Question

Consider a spherical container of inner radius \(r_{1}\), outer radius \(r_{2}\), and thermal conductivity \(k\). Express the boundary condition on the inner surface of the container for steady onedimensional conduction for the following cases: (a) specified temperature of \(50^{\circ} \mathrm{C}\), (b) specified heat flux of \(30 \mathrm{~W} / \mathrm{m}^{2}\) toward the center, (c) convection to a medium at \(T_{\infty}\) with a heat transfer coefficient of \(h\).

Short answer

Case (a) is specified by a temperature of \(50^{\circ} \mathrm{C}\). Case (b) is specified by a heat flux of \(30 \mathrm{~W} / \mathrm{m}^{2}\) toward the center. Case (c) includes convection to a medium at \(T_{\infty}\) with a heat transfer coefficient of \(h\). Answer: The boundary conditions for each case are: Case (a): \(T\left(r_{1}\right) = 50^{\circ} \mathrm{C}\) Case (b): \(-k\frac{\partial T}{\partial r}\biggr|_{r=r_1} = -30 \mathrm{~W} / \mathrm{m}^{2}\) Case (c): \(-k\frac{\partial T}{\partial r}\biggr|_{r=r_1} = h\left(T - T_{\infty}\right)\biggr|_{r=r_1}\)

Step-by-step solution

General Heat Conduction Equation

The generic heat conduction equation in spherical coordinates is given by: $$ \frac{1}{r^2}\frac{\partial}{\partial r}\left(r^2k\frac{\partial T}{\partial r}\right) = 0 $$ Since it is steady and one-dimensional, there is no time or angle variation, so we are left with only the left side of the equation to solve.
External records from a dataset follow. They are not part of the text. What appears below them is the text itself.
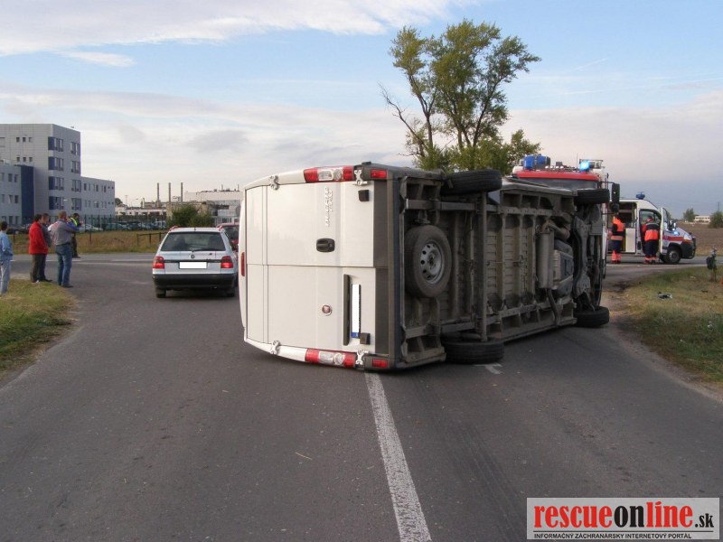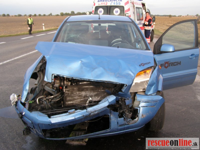 KR HaZZ Trnava |MM| Operačné stredisko OR HaZZ v Dunajskej Strede bolo prostredníctvom IZS Trnava v utorok 11. októbra 2011 o 16:43 hod. informované o dopravnej nehode na križovatke Povodskej cesty so štátnou cestou č. I/63 v Dunajskej Strede. K udalosti boli z hasičskej stanice v Dunajskej Strede vyslaní štyria príslušníci HaZZ s technikou AHZS MB Atego. Po príjazde na miesto hláseného prípadu bolo zistené, že na uvedenej križovatke sa po dopravnej nehode nachádzali dve poškodené motorové vozidlá, Ford Fusion a Fiat Ducato V čase príjazdu hasičskej jednotky bolo sanitné vozidlo ZZS Dunajská Streda už na mieste nehody. Podľa vyjadrenia službukonajúceho lekára obaja vodiči boli ľahko zranení. Následkom zrážky došlo k úniku asi dvoch litrov motorového oleja a šesť litrov chladiacej kvapaliny. Jednotka HaZZ zabezpečila havarované vozidlá proti prípadnému požiaru odpojením akumulátorových batérii. Po zaistení stôp príslušníkmi PZ boli havarované vozidlá odstránené z vozovky. Hasičská jednotka na odstránenie uniknutých látok použila sorbčnú látku Spilkleen a odmasťovaciu látku AQ 2000. Po očistení vozovky od uniknutých látok jednotka HaZZ ukončila zásah a o 18:02 hod. sa vrátila na svoju základňu.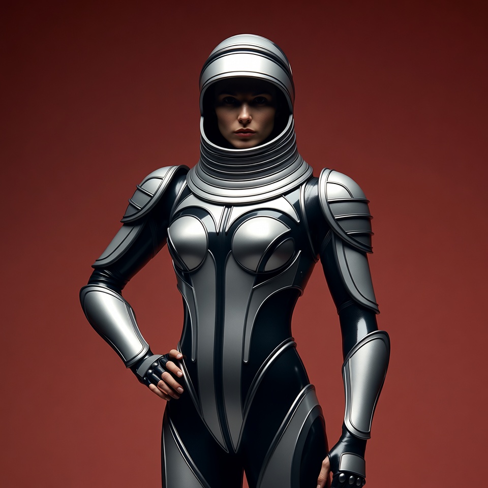 A woman stands confidently with hands on hips wearing a shiny silver futuristic spacesuit and helmet. The form-fitting armor features black accents, curved shoulder pads, and chest plating. She poses against a solid red background.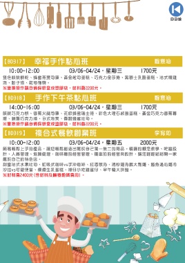 核桃巧克力餅、香蕉火腿司康、花紋蜂蜜瑞士捲、彩色大理石戚風蛋糕、黃金巧克力香蕉幕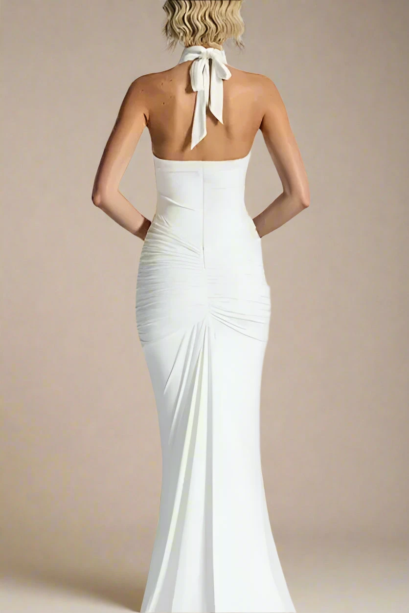 The Bella Bodycon Wrap Maxi Dress in White Pearl is the perfect choice for special occasions, featuring a deep V neckline, a tie-up halter neck, and gathered ruching that flatters your figure. Its elegant maxi length adds a graceful touch. Available in a full range of sizes, our bodycon collection helps you build the perfect wardrobe.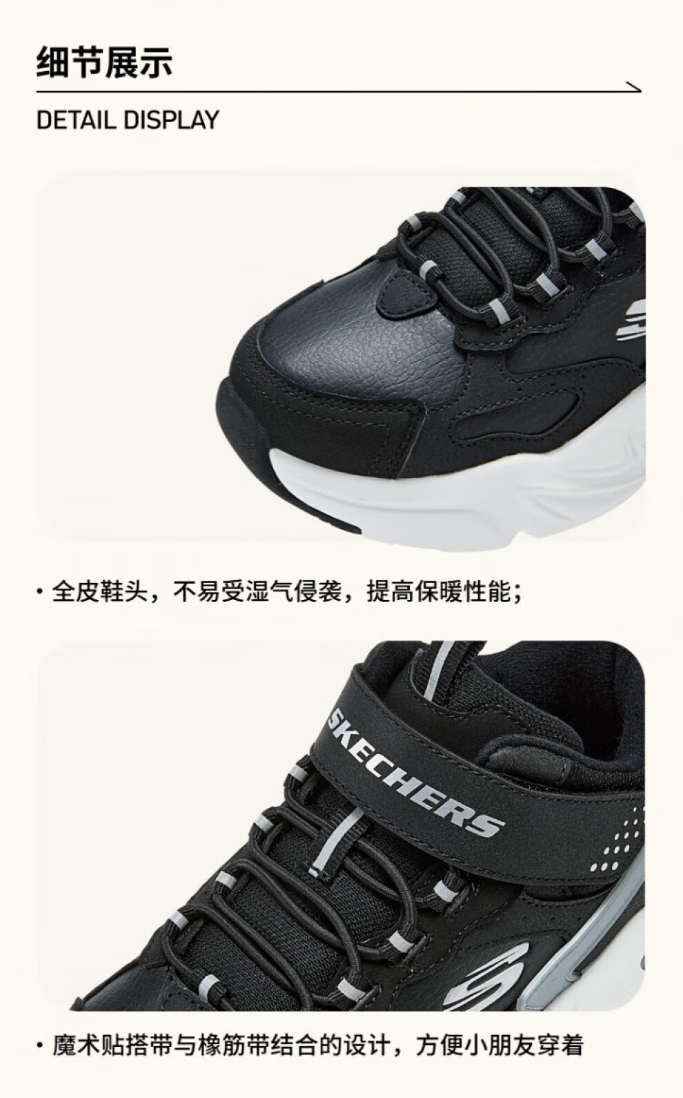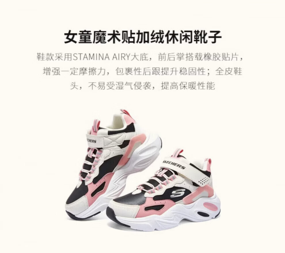 Skechers children's autumn and winter velvet warm cotton shoes for boys and girls sports non-slip middle and large children's boots 319250L WLPR/WLPR 30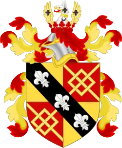 Nicholas Spencer was born to an aristocratic English family long seated at Cople, Bedfordshire.[4] The family was related to the Spencer family of Northamptonshire, with whom they shared a coat of arms.[5][6][7] In 1531 the Spencers bought the manor of Rowlands at Cople,[8] which they owned for several centuries.[9] Nicholas Spencer, Sr., father of the Virginia emigrant, and his wife, the former Mary Gostwick, second daughter of Sir Edward Gostwick, 2nd Baronet,[10] had several sons, of these William inherited the family estates but died childless after making his heir his nephew, also William, son of his next-brother Nicholas who had moved to Virginia.[11] Another brother, Robert Spencer later removed from Surry County, Virginia, to Talbot County, Maryland, where his descendants long lived at Spencer Hall, the family plantation.[12][13]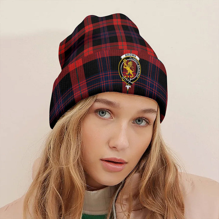 Brown (Broun) Modern Clan Badge Tartan Knitted Beanie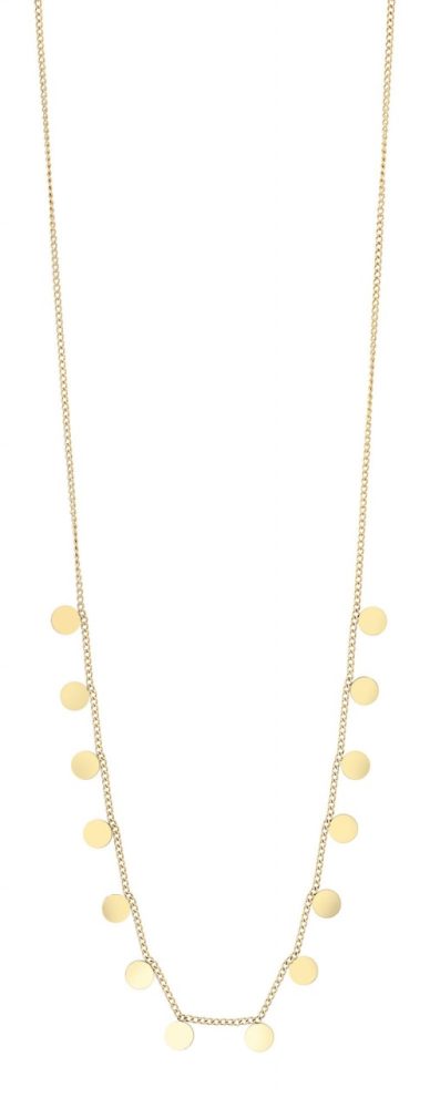 Colar em aço inoxidável dourado com pingentes. Dimensões: 40 + 5 cm.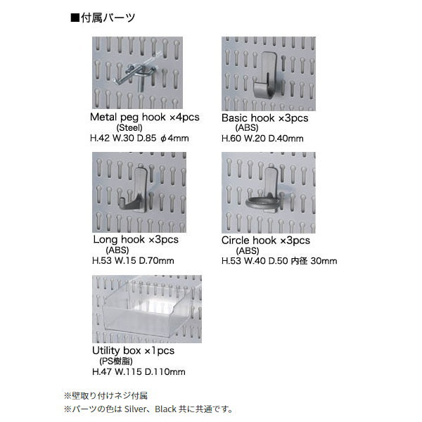 ※壁取り付けネジ付属 ※パーツの色は Silver、Black 共に共通です。

Boundary Condition for Case (a)

In Case (a), the specified inner surface temperature is \(50^{\circ} \mathrm{C}\). This means that the boundary condition for this case is simply a Dirichlet condition, where the temperature at the inner surface is given. Therefore, $$ T\left(r_{1}\right) = 50^{\circ} \mathrm{C} $$

Boundary Condition for Case (b)

In Case (b), the specified heat flux toward the center at the inner surface is \(30 \mathrm{~W} / \mathrm{m}^{2}\). In this case, we have a Neumann boundary condition, with the heat flux specified. The heat flux can be expressed as $$ q_r = -k\frac{\partial T}{\partial r}\biggr|_{r=r_1} $$ Therefore, for this case, the boundary condition will be: $$ -k\frac{\partial T}{\partial r}\biggr|_{r=r_1} = -30 \mathrm{~W} / \mathrm{m}^{2} $$

Boundary Condition for Case (c)

In Case (c), we have convection to a medium at \(T_{\infty}\) with a heat transfer coefficient of \(h\). This introduces a convective boundary condition at the inner surface, and we can use Newton's law of cooling to relate the heat flux and the temperature difference: $$ q_r = h\left(T - T_{\infty}\right)\biggr|_{r=r_1} $$ We also have the heat flux expression in terms of temperature gradient as before: $$ q_r = -k\frac{\partial T}{\partial r}\biggr|_{r=r_1} $$ Since the heat flux is continuous across the boundary, we equate the two expressions to get the boundary condition for Case (c): $$ -k\frac{\partial T}{\partial r}\biggr|_{r=r_1} = h\left(T - T_{\infty}\right)\biggr|_{r=r_1} $$